* _Task item_
Every entry is to be transcribed as it stands. Images stay out.

Source data:
◇ ◇ ◇ ◇

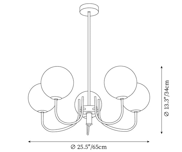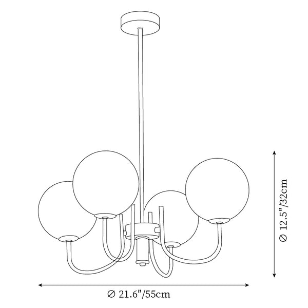 Deze unieke plafondlamp roept een Art Deco-gevoel op, met vier globe-tinten die naar buiten vloeien en afwisselend verspringen uit het gebogen frame. De matte, matte afwerking van de lampenkappen is gemaakt van glas en met zilver afgewerkt metaal en verspreidt zachtjes het licht.
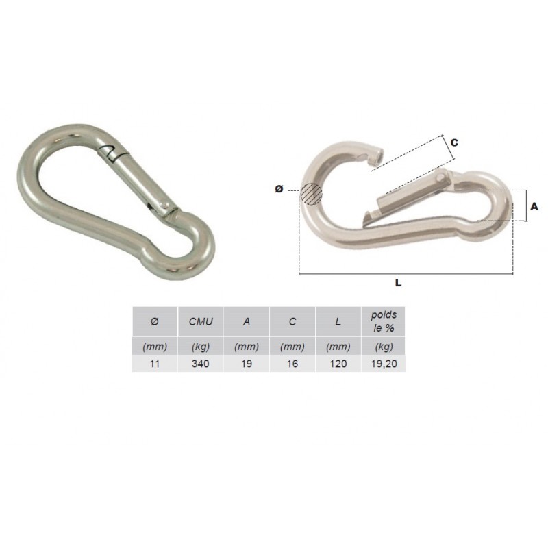 Mousqueton 120 x 11 cm en Acier Galvanisé
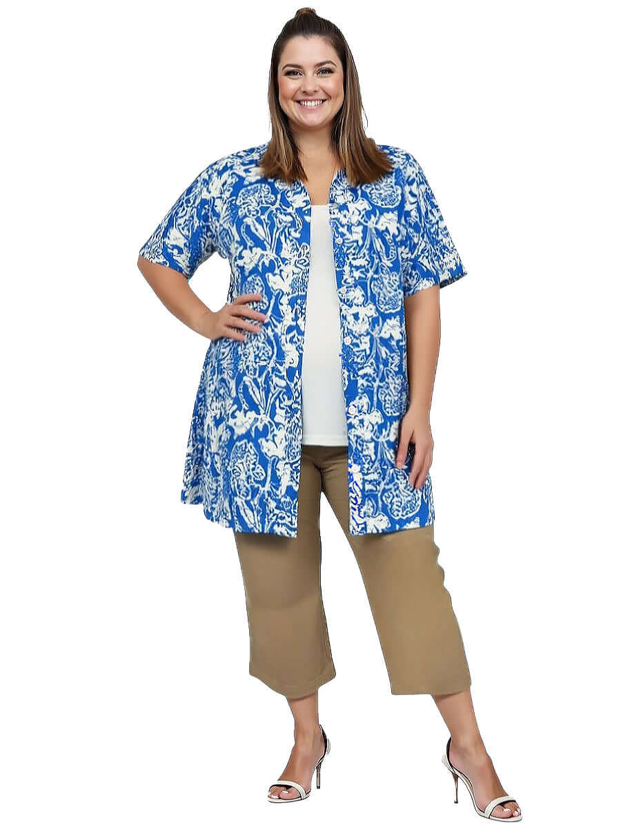 The classic collared neckline and full button-down front make it the ultimate wardrobe multitasker — wear it closed for a polished look, or open over a cami or tank for a more relaxed, layered style. At 90cm in length, this blouse sits at a flattering tunic length, giving you extra coverage that pairs perfectly with pants, shorts, or capris.
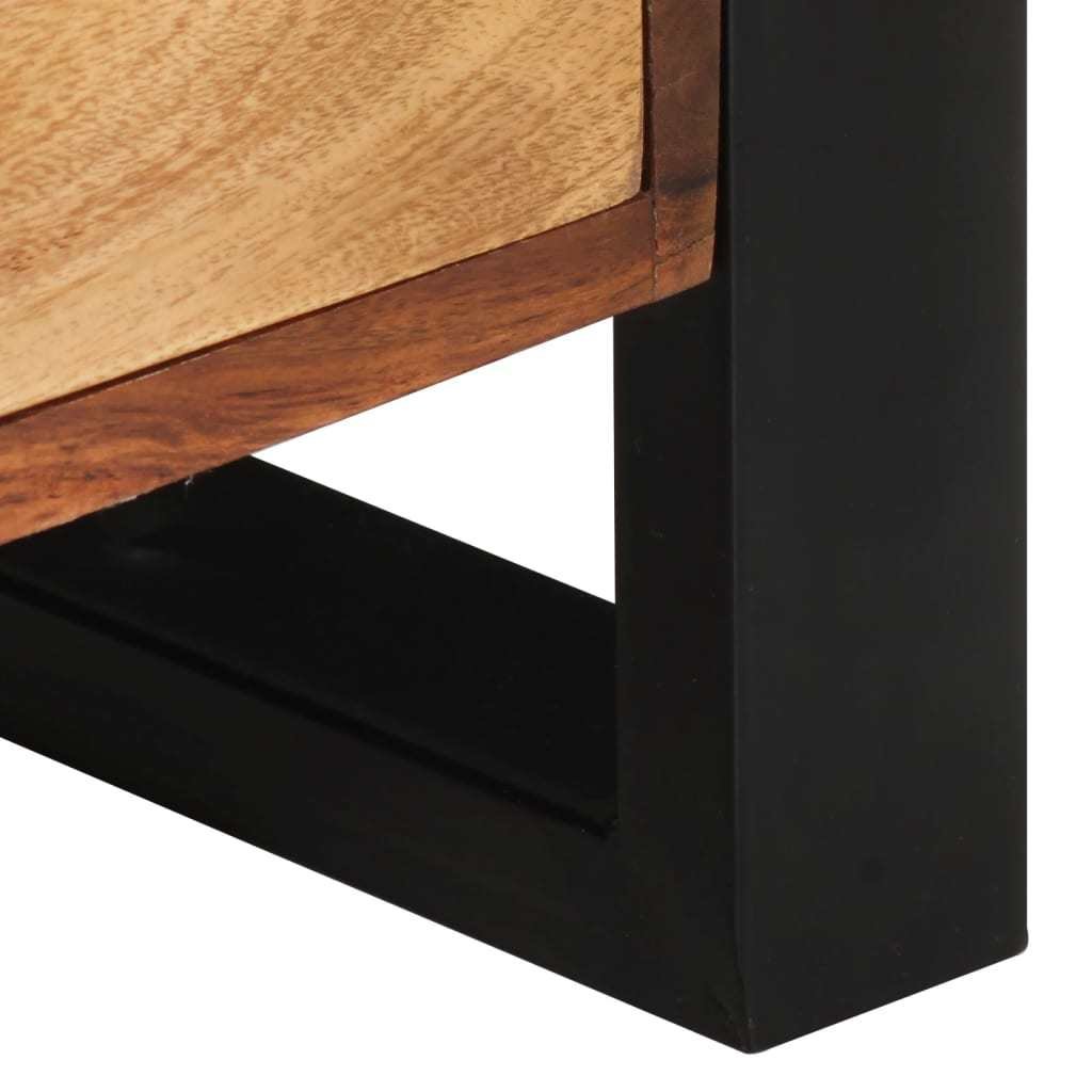 This vintage-style TV cabinet, made of solid Sheesham wood, will make a timeless addition to your home. Sheesham is a tropical hardwood that is famous for its rich grains and also known as rosewood or palisander. Every step of the process is carried out with the greatest care, be it polishing, painting or lacquering. Thanks to the strong steel frame, the TV stand is very steady and durable. It has two drawers for storing knick-knacks and a shelf for keeping multimedia appliances, gaming consoles and magazines. The TV stand can also be used as a side cabinet, hi-fi cabinet, etc.
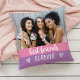 This trendy and stylish pillow features two photos of you and your best friends, with modern colour blocks in pink and lavender purple with white handwritten script typography and cute scribbled hearts.
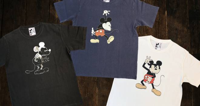 ピグメント染めの生地に、半ラバーや箔でミッキーがプリントされた雰囲気のあるTシャツや、老舗の仙田株式会社の8号帆布や国内外のファッションブランドから絶賛されるカイハラデニムの生地に、1824年創業のエンドー鞄の熟練した職人の技によって、縫い上げられたバッグやポーチなど、メイド・イン・ジャパンによるこだわりが詰まった製品がラインナップされています。
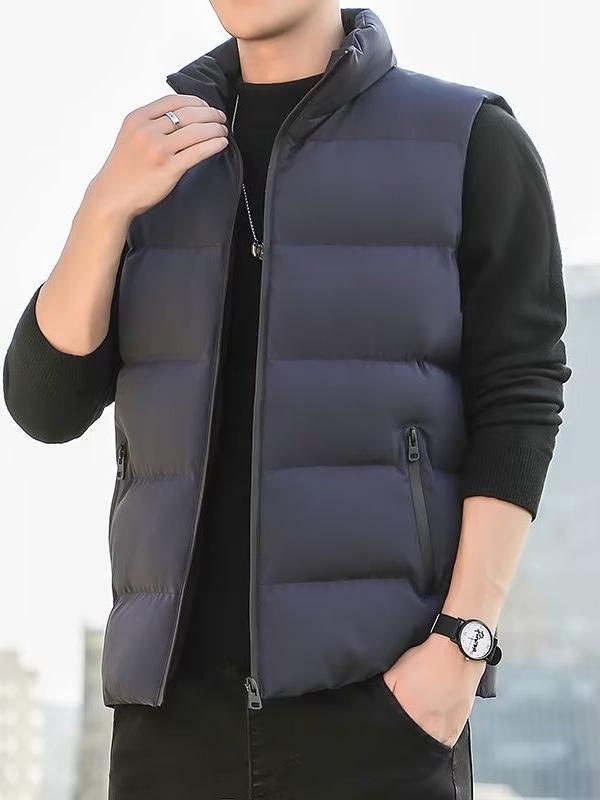 Experience unparalleled warmth and style with this men's plus-size sleeveless down vest, perfect for the chillier months of autumn and winter. Designed with a casual yet fashionable flair, this vest features a regular fit and insulated thickness, ensuring comfort and protection against the cold. The solid pattern enhances its versatile appeal, making it an ideal addition to any outfit. With a convenient zipper closure and a stand neckline, this vest offers both functionality and fashion. Crafted from polyester with a chemical fiber-blended fur lining and filled with luxurious duck down, this outerwear piece combines durability with superior insulation.
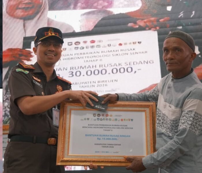 MEDIAINVESTIGASIMABES.CO.ID | BATUSANGKAR (SUMBAR) – Kabar baik menghampiri masyarakat Kabupaten Tanah Datar yang terdampak bencana hidrometeorologi. Kepala Badan Nasional Penanggulangan Bencana (BNPB) RI, Letjen TNI Suharyanto, secara resmi menyerahkan dana stimulan perbaikan rumah senilai Rp2,865 miliar kepada 126 Kepala Keluarga (KK) di Gedung Indojolito, Batusangkar pada Selasa 3 Maret 2026.
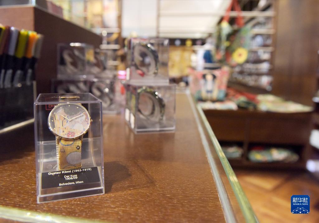这是5月12日在奥地利维也纳美景宫博物馆拍摄的印有《吻》画面的手表。

◇ ◇ ◇ ◇

* _Result of this task_
 Deze unieke plafondlamp roept een Art Deco-gevoel op, met vier globe-tinten die naar buiten vloeien en afwisselend verspringen uit het gebogen frame. De matte, matte afwerking van de lampenkappen is gemaakt van glas en met zilver afgewerkt metaal en verspreidt zachtjes het licht.
 Mousqueton 120 x 11 cm en Acier Galvanisé
 The classic collared neckline and full button-down front make it the ultimate wardrobe multitasker — wear it closed for a polished look, or open over a cami or tank for a more relaxed, layered style. At 90cm in length, this blouse sits at a flattering tunic length, giving you extra coverage that pairs perfectly with pants, shorts, or capris.
 This vintage-style TV cabinet, made of solid Sheesham wood, will make a timeless addition to your home. Sheesham is a tropical hardwood that is famous for its rich grains and also known as rosewood or palisander. Every step of the process is carried out with the greatest care, be it polishing, painting or lacquering. Thanks to the strong steel frame, the TV stand is very steady and durable. It has two drawers for storing knick-knacks and a shelf for keeping multimedia appliances, gaming consoles and magazines. The TV stand can also be used as a side cabinet, hi-fi cabinet, etc.
 This trendy and stylish pillow features two photos of you and your best friends, with modern colour blocks in pink and lavender purple with white handwritten script typography and cute scribbled hearts.
 ピグメント染めの生地に、半ラバーや箔でミッキーがプリントされた雰囲気のあるTシャツや、老舗の仙田株式会社の8号帆布や国内外のファッションブランドから絶賛されるカイハラデニムの生地に、1824年創業のエンドー鞄の熟練した職人の技によって、縫い上げられたバッグやポーチなど、メイド・イン・ジャパンによるこだわりが詰まった製品がラインナップされています。
 Experience unparalleled warmth and style with this men's plus-size sleeveless down vest, perfect for the chillier months of autumn and winter. Designed with a casual yet fashionable flair, this vest features a regular fit and insulated thickness, ensuring comfort and protection against the cold. The solid pattern enhances its versatile appeal, making it an ideal addition to any outfit. With a convenient zipper closure and a stand neckline, this vest offers both functionality and fashion. Crafted from polyester with a chemical fiber-blended fur lining and filled with luxurious duck down, this outerwear piece combines durability with superior insulation.
 MEDIAINVESTIGASIMABES.CO.ID | BATUSANGKAR (SUMBAR) – Kabar baik menghampiri masyarakat Kabupaten Tanah Datar yang terdampak bencana hidrometeorologi. Kepala Badan Nasional Penanggulangan Bencana (BNPB) RI, Letjen TNI Suharyanto, secara resmi menyerahkan dana stimulan perbaikan rumah senilai Rp2,865 miliar kepada 126 Kepala Keluarga (KK) di Gedung Indojolito, Batusangkar pada Selasa 3 Maret 2026.
这是5月12日在奥地利维也纳美景宫博物馆拍摄的印有《吻》画面的手表。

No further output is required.